MorganCThomas / MolScore

An automated scoring function to facilitate and standardize the evaluation of goal-directed generative models for de novo molecular design
MIT License
148 stars 24 forks source link

Draft: align MolOpt functions with GuacaMol implementation #47

Open AustinT opened 5 months ago

AustinT commented 5 months ago

My testing showed that MolScore's version of some of the MolOpt (GuacaMol) functions differs from that of the original package. This PR applies some (partial) fixes.

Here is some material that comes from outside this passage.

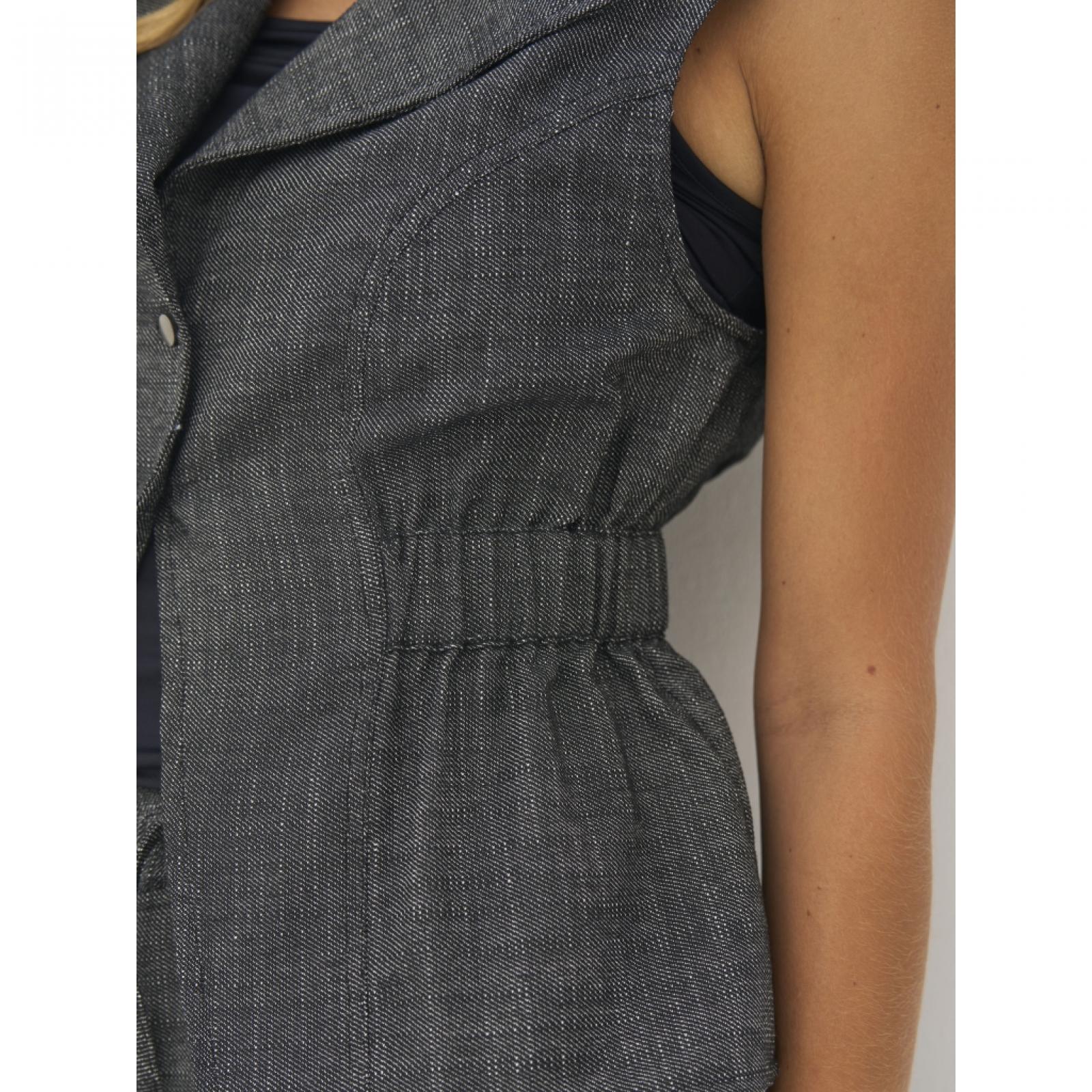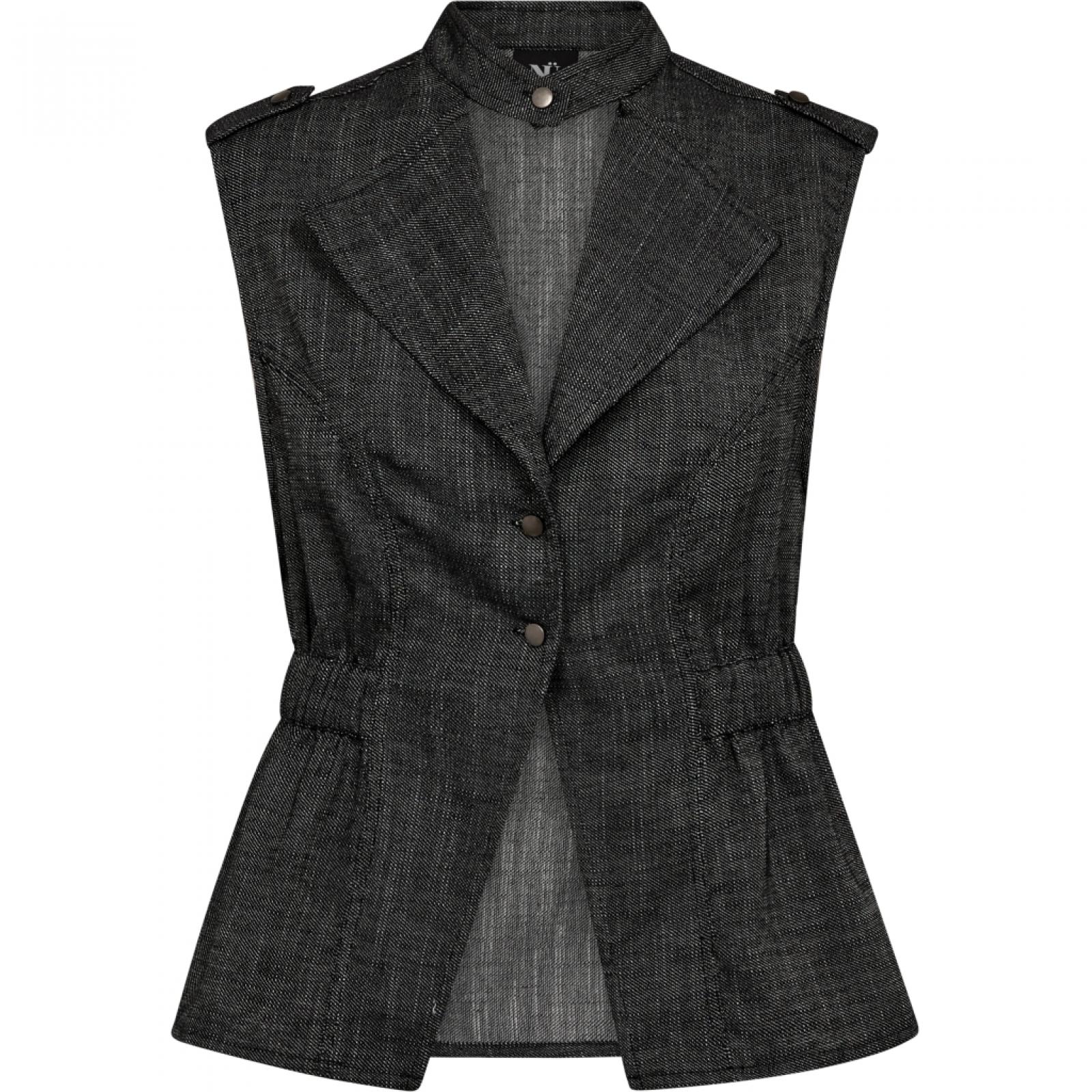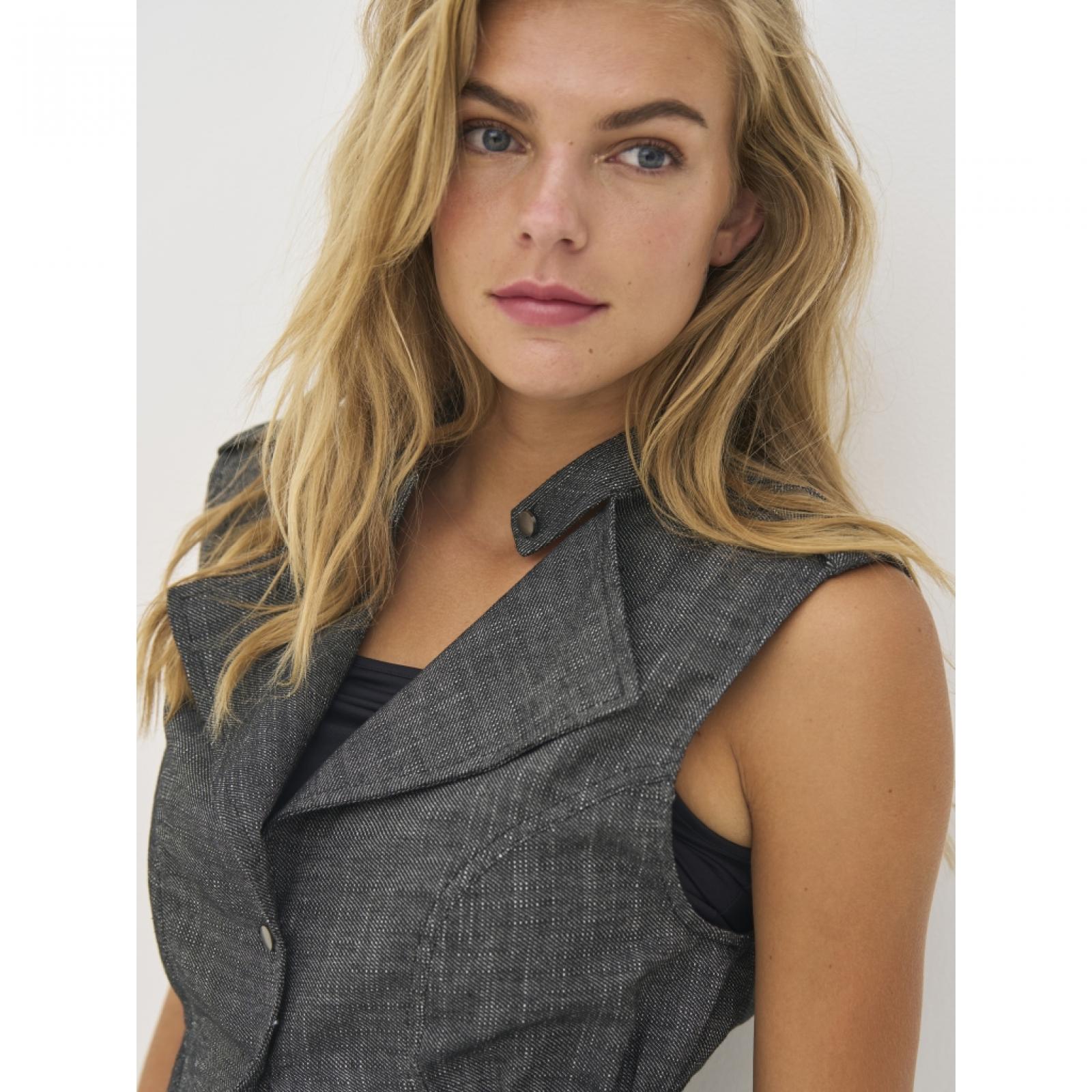8805-44-000 Ez a mellény pamut és len keverékéből készült, amely nyers, strukturált megjelenést ad. Az ujjatlan szabás és a hangsúlyos hajtóka éles, modern hatást kelt, míg a vállrészen található részletek funkcionális jelleget kölcsönöznek. A derékrész enyhe rugalmassága formát ad és kiemeli a sziluettet, az elülső gombos záródás pedig teljessé teszi a letisztult dizájnt. Egy karakteres mellény, amely önmagában vagy réteges összeállítás részeként is jól viselhető.Mellbőség (kerület): XS: 43,5 / S: 45,5 / M: 47,5 / L: 50,5 / XL: 53,5 / XXL: 56,5 Háthossz: XS: 58 / S: 59,5 / M: 61 / L: 62,5 / XL: 64 / XXL: 65,5

  1. Fingerprint size: the original GuacaMol functions use a $2^{32}$ bit (sparse) fingerprints, whereas the implementations in MolScore use a 1024 bit (dense) fingerprint. This causes all similarity values to be slightly overestimated. I increased the fingerprint length to 16384 to reduce the overestimation.
  2. Fix Deco hop threshold: the implementation here used a threshold of 0.75, but the paper and code use 0.85.
  3. Align some MPO modifiers with GuacaMol's code in instances where paper and code differ. I didn't realize that GuacaMol's official implementation of their functions differs from the paper in several places. In these instances, I think it is better to side with their official code, because this is what prior works have used.
    • Fexofenadine_MPO: the paper specifies an STD of 2 for the TPSA and logP modifies, but the code uses 10 and 1 respectively. This causes scores to generally be a lower in GuacaMol's implementation compared to MolScore.
    • Osimertinib_MPO: sigmas are also different (original code)
  4. Fixed SMARTS string in Scaffold hop (in response to #45 )
  5. Fixed bug in isomer similarity calculation: the GuacaMol paper and code specify that the element-wise difference is taken with respect to elements in the target molecule only, while MolScore's implementation uses both the target and query molecules. A simple 1-line change fixes this.
  6. Fixed fingerprint lengths in legacy QSAR: JNK3 and GSK3B both use radius 2 fingerprints, not radius 3.

Also, I removed a spurious resource called molscore.configs.MolOpt-DF which does not exist in the repo (maybe it exists for you locally??)

Currently I have this PR marked as a draft. This is because

  1. The functions still don't seem to be 100% aligned (I still found small differences in Sitagliptin MPO, Valsartan SMARTS, and scaffold hop)
  2. If these fixes are accepted, they should be made in other places in the repo.